依田さんがまだ幼稚園にも通っていない3歳の頃、母親は持病の椎間板ヘルニアが悪化して手術をしていた。
すでにその頃から「お母さんは腰が痛いんだ。だから抱っこしてとか、おんぶしてとか言っちゃいけないんだ」と、甘えたい気持ちを我慢することを覚えた。
依田さんが中学1年の時、母親は難病指定されている骨化症を発症。脊椎を構成している組織の一部が自然と石灰化するという病気だ。
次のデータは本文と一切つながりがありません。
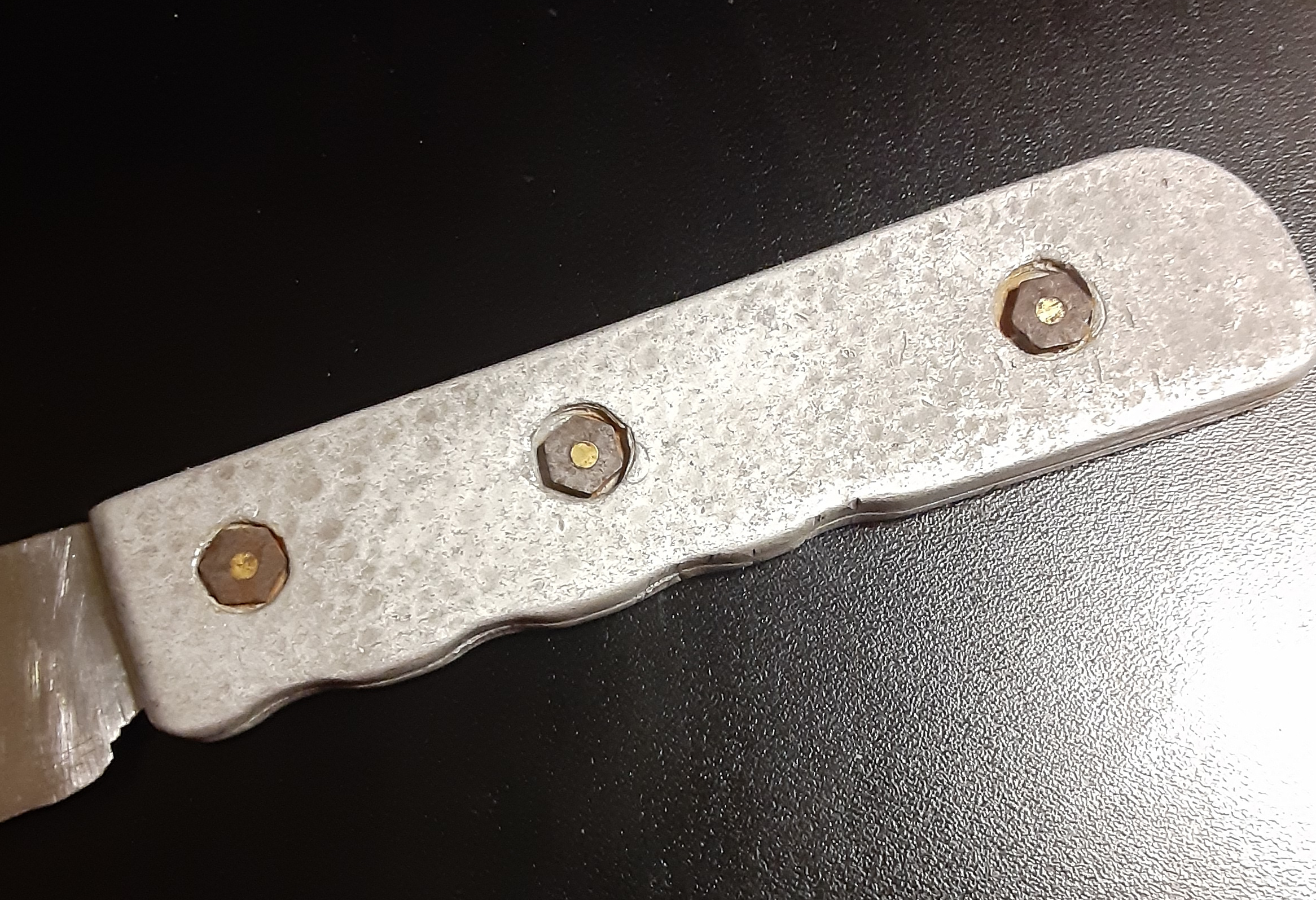 As a child I always thought of it as “The Knife”. It is not the knife I used as a child of six years or so to slice open the back of my left index finger. The Knife was made by Federal Cutlery Co. N. Y. That is stamped into the side of the blade. The handle however looks to be my father’s handiwork. He made a couple pieces of wrought iron furniture when he was in Hughes high school. It would not surprise me if he had repaired this knife at Hughes and kept it for my Mom. Or found it somewhere in New York when they lived there shortly after the war. I was a toddler then. I do not know the story. I should have asked when Dad was still alive.
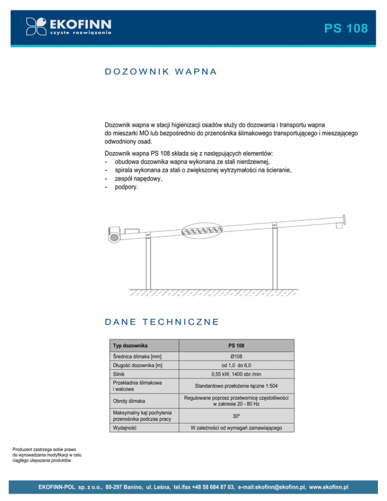 PS 108 DOZOWNIK WAPNA Dozownik wapna w stacji higienizacji osadów słuŜy do dozowania i transportu wapna do mieszarki MO lub bezpośrednio do przenośnika ślimakowego transportującego i mieszającego odwodniony osad. Dozownik wapna PS 108 składa się z następujących elementów: - obudowa dozownika wapna wykonana ze stali nierdzewnej, - spirala wykonana za stali o zwiększonej wytrzymałości na ścieranie, - zespół napędowy, - podpory. DANE TECHNICZNE Typ dozownika PS 108 Średnica ślimaka [mm] Ø108 Długość dozownika [m] od 1,0 do 6,0 Silnik Przekładnia ślimakowa i walcowa Obroty ślimaka Maksymalny kąt pochylenia przenośnika podczas pracy Wydajność 0,55 kW, 1400 obr./min Standardowo przełoŜenie łączne 1:504 Regulowane poprzez przetwornicę częstotliwości w zakresie 20 - 80 Hz 30o W zaleŜności od wymagań zamawiającego Producent zastrzega sobie prawo do wprowadzania modyfikacji w celu ciągłego ulepszania produktów EKOFINN-POL sp. z o.o., 80-297 Banino, ul. Leśna, tel./fax +48 58 684 87 03, e-mail:[email protected], www.ekofinn.pl
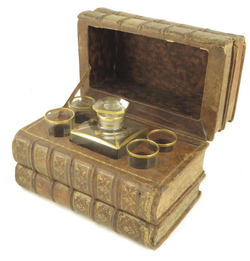 An early 20th century French leather bound book decanter box
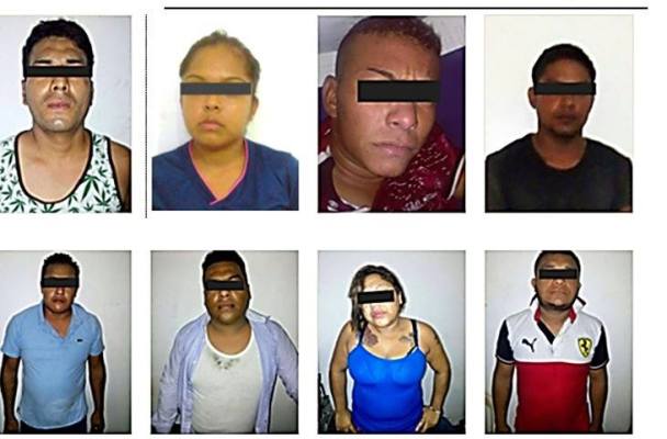 Luego de la detención de Zeferino “N”, de 30 años de edad, de ocupación albañil; Roxana Abigail “N”, de 31 años, comerciante; Lizbeth Vanesa “N”, de 24 años, comerciante; Julio César “N”, de 27 años, comerciante; José Alberto “N”, de 30 años, albañil; Guillermo “N”, de 31 años, taxista; Ernesto “N”, de 21 años, obrero y Alberto “N”, de 28 años, de ocupación obrero y de una menor de 17 años de edad, fueron puestos a disposición de la Fiscalía adscrita a la Unidad Integral de Procuración de Justicia (UIPJ).
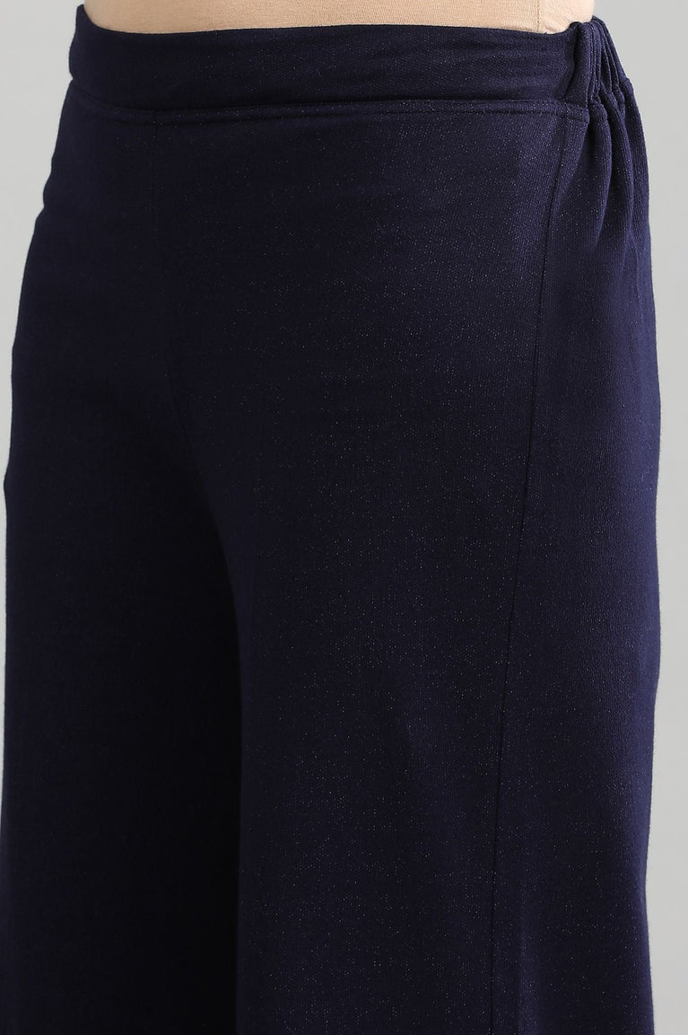 Blue Solid Straight Fit Cotton Pants With Elasticated Waistband
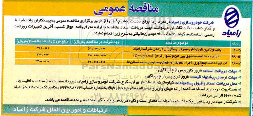 | 98-15 | پخت و نامین نان لواش مصرفی رستوران در محل شرکت زامیاد |

一人っ子の依田さんは「私がしっかりしなくちゃいけない」と、母親が体調を崩すたびに、看病に明け暮れた。
依田さんが中学3年になって間もない頃、母親は、今度は乳がんを患った。
父親はタクシー会社で事務方のサラリーマンだった。
会社が年中無休体制のため、いつも仕事中心で、家族との時間は少なかった。
しかも、幼い娘との接し方がわからなったのか、会話の少ない父と娘だったから、依田さんが多感な年頃でも、家の中は寂しい状態だった。
依田さんが25歳の時、骨化症が悪化した母親は手術を受けるも、自力で立ち上がれなくなってしまい、50代半ばで車椅子生活になる。
この頃、依田さんは、大手の建設会社で派遣社員(後に契約社員になる)として働いていた。
自分とは対照的によく泣く母を依田さんは羨ましく思っていた。
母親でありながら精神的には弱い母と、娘でありながら精神的に強い自分。不思議な母娘だった。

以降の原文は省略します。